== ABOUT THIS TASK ==
Look below for the lines from the one with "Z tyłu znalazł" to the one with "作为元宇宙概念最重要的倡导者", and copy exactly those lines, both ends included.

== THE RECORDS ==
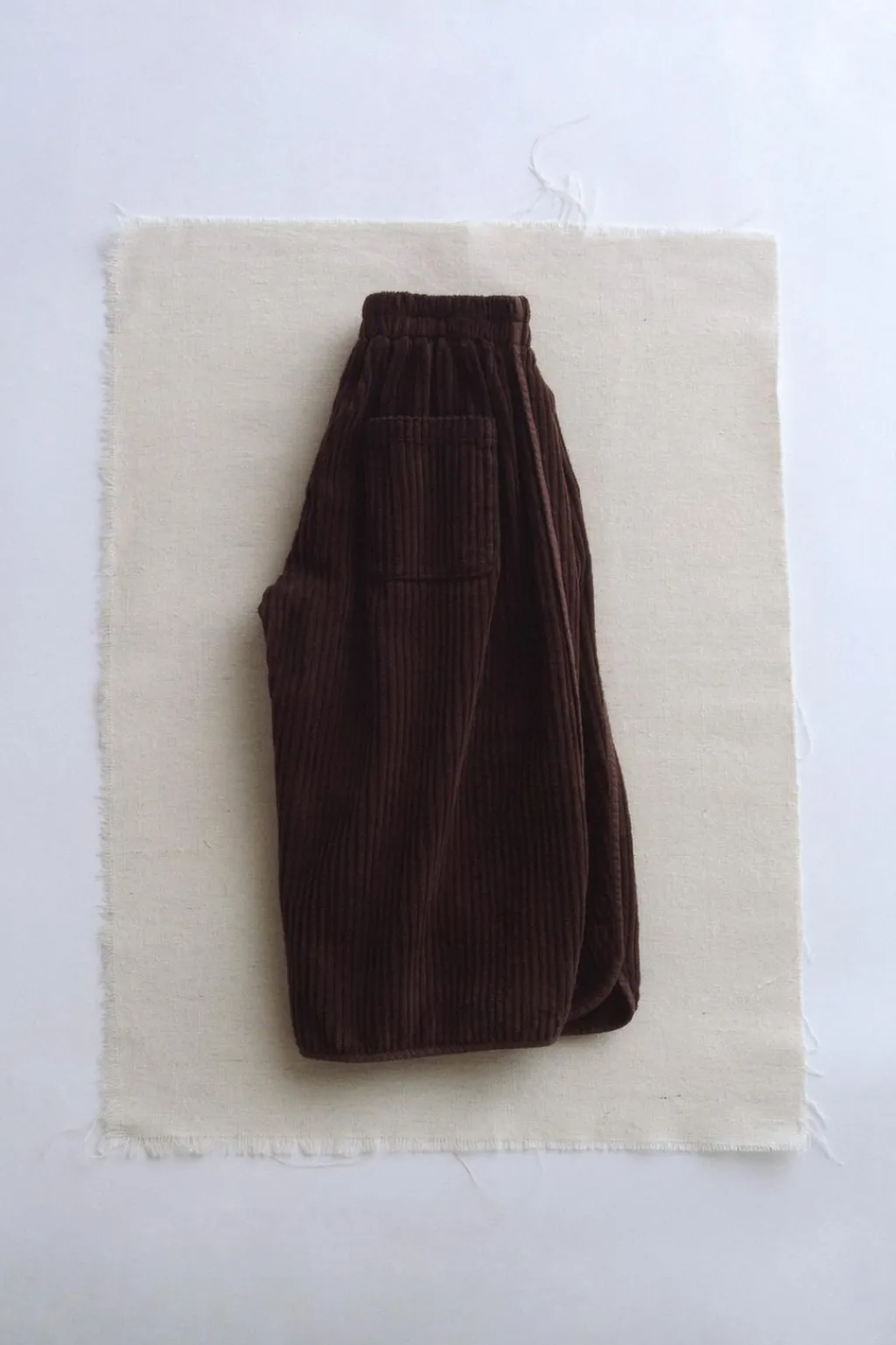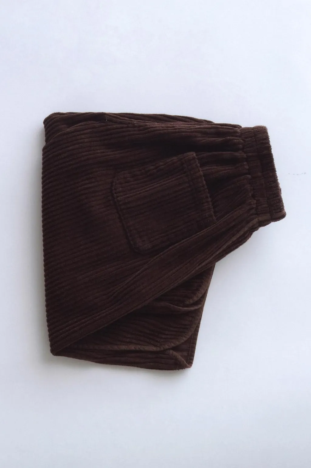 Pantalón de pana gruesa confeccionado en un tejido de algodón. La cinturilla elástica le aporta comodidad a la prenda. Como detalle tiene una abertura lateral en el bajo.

==

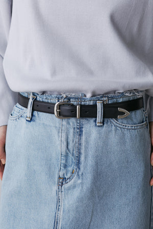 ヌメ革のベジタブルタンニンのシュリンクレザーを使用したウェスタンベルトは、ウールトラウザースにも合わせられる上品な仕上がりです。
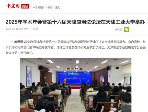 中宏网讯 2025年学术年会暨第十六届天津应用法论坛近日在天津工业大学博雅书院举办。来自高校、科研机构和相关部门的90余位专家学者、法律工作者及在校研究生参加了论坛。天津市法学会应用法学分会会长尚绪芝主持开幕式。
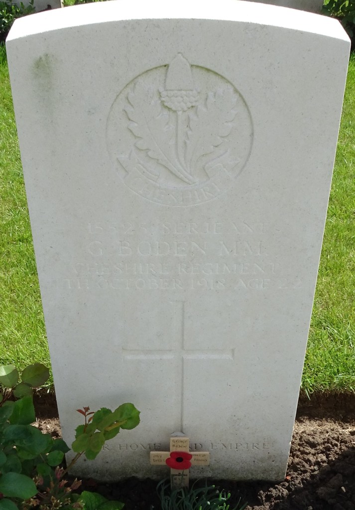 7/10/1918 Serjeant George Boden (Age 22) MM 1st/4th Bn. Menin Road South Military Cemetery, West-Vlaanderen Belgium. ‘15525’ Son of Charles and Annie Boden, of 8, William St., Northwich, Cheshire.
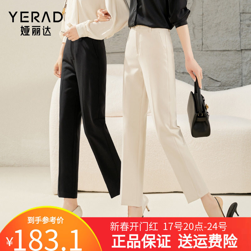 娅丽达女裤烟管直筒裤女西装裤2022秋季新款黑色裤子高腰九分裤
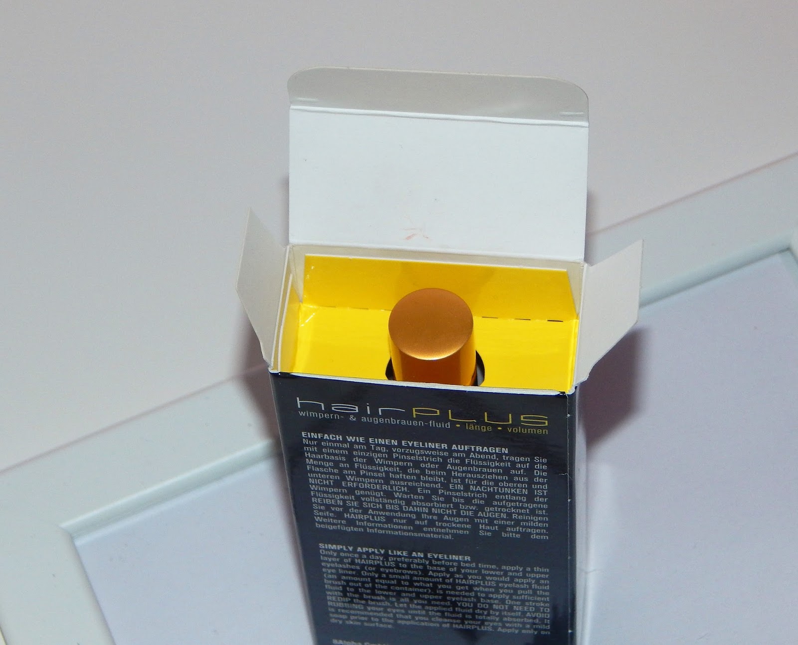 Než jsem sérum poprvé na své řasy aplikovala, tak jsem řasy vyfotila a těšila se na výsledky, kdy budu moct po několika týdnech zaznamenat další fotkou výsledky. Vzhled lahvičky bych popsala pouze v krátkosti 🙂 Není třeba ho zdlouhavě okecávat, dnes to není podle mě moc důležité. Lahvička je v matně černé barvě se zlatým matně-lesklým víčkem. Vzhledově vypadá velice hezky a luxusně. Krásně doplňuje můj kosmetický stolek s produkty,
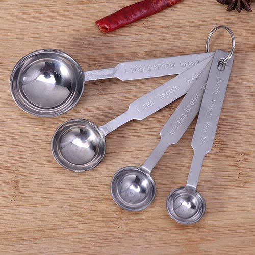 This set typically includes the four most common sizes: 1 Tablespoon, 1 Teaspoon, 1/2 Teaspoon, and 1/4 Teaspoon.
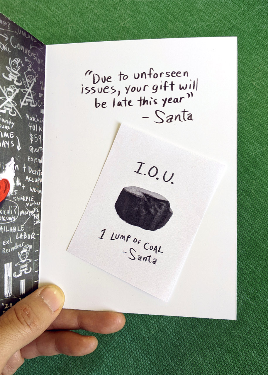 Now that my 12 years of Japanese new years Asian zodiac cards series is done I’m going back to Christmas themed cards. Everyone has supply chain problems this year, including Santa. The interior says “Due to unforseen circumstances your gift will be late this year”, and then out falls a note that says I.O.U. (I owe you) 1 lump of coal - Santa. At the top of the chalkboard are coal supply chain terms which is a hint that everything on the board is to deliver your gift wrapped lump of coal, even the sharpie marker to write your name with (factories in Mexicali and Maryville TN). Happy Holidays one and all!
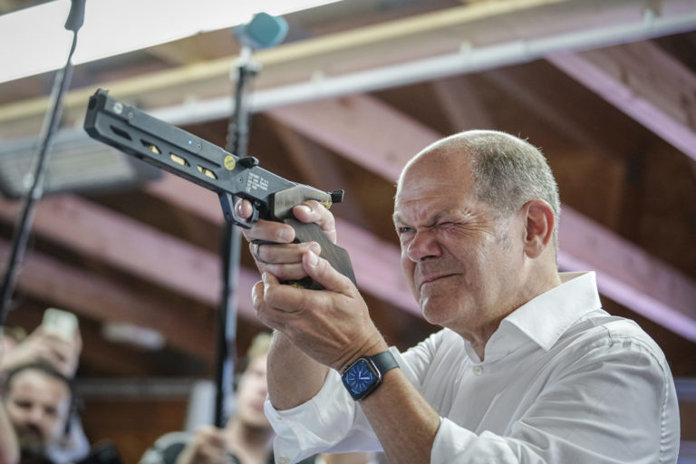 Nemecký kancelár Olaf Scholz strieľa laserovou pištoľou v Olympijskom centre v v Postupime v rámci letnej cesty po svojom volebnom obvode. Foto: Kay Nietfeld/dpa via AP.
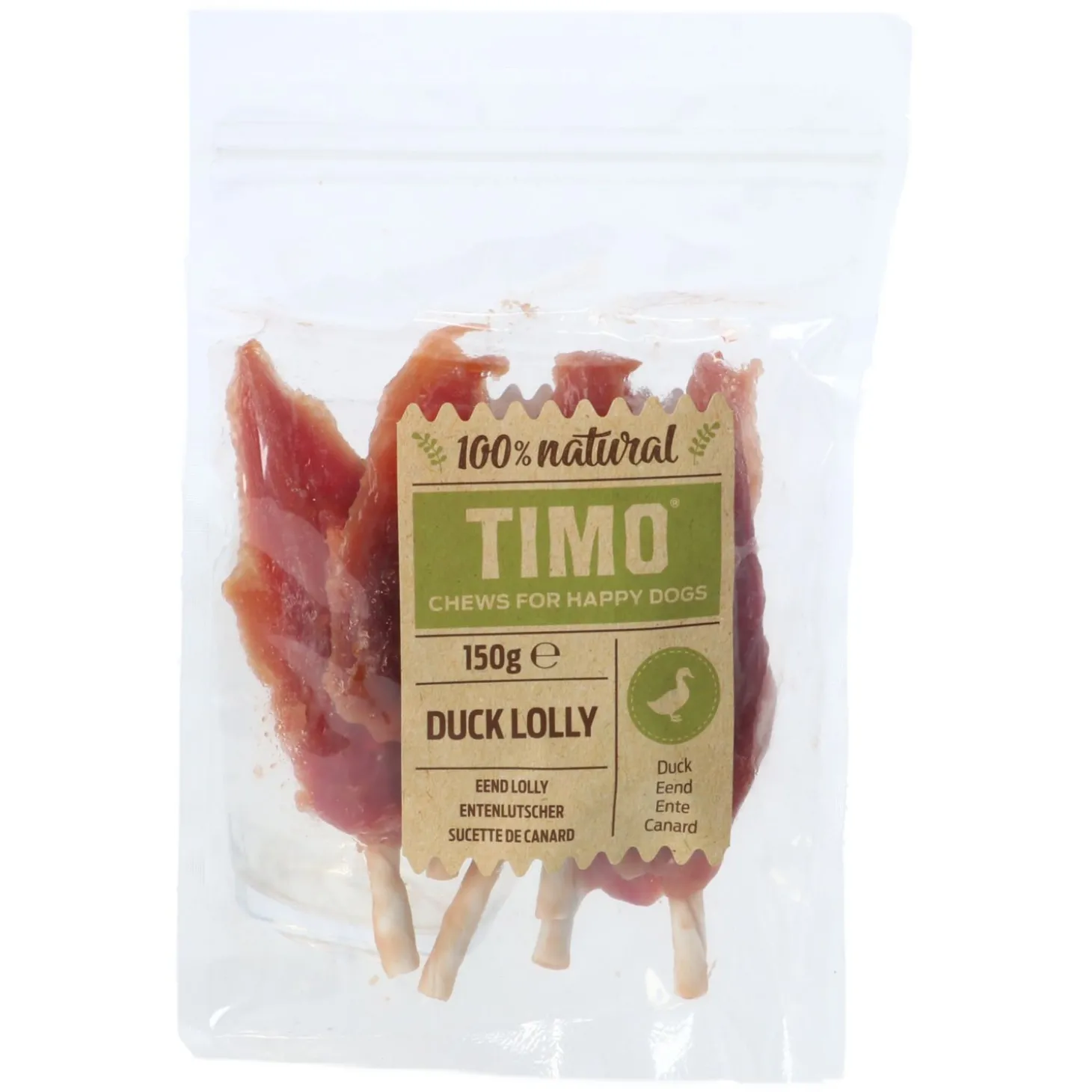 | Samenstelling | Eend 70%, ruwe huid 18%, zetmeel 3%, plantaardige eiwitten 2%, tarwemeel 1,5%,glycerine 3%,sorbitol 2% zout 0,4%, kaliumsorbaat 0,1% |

...

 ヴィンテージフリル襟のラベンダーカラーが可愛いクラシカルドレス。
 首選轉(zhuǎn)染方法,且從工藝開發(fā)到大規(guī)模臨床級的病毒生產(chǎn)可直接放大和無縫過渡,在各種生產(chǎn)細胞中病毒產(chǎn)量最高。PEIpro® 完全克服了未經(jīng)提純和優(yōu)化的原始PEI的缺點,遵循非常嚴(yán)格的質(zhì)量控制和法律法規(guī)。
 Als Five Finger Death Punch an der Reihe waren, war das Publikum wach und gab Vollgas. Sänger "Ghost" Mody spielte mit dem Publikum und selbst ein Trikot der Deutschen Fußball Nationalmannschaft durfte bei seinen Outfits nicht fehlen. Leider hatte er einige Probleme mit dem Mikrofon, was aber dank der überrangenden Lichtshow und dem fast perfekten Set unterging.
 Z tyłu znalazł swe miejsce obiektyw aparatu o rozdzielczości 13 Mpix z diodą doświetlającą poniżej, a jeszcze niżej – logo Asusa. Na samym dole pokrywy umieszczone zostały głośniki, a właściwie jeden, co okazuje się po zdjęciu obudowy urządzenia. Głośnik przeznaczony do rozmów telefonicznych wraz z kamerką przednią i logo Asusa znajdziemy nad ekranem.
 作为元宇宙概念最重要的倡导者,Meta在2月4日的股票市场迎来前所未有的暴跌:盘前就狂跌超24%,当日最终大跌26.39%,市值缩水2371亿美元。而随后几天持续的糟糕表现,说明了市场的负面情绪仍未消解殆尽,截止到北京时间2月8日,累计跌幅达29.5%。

== TASK ANSWER ==
 Z tyłu znalazł swe miejsce obiektyw aparatu o rozdzielczości 13 Mpix z diodą doświetlającą poniżej, a jeszcze niżej – logo Asusa. Na samym dole pokrywy umieszczone zostały głośniki, a właściwie jeden, co okazuje się po zdjęciu obudowy urządzenia. Głośnik przeznaczony do rozmów telefonicznych wraz z kamerką przednią i logo Asusa znajdziemy nad ekranem.
 作为元宇宙概念最重要的倡导者,Meta在2月4日的股票市场迎来前所未有的暴跌:盘前就狂跌超24%,当日最终大跌26.39%,市值缩水2371亿美元。而随后几天持续的糟糕表现,说明了市场的负面情绪仍未消解殆尽,截止到北京时间2月8日,累计跌幅达29.5%。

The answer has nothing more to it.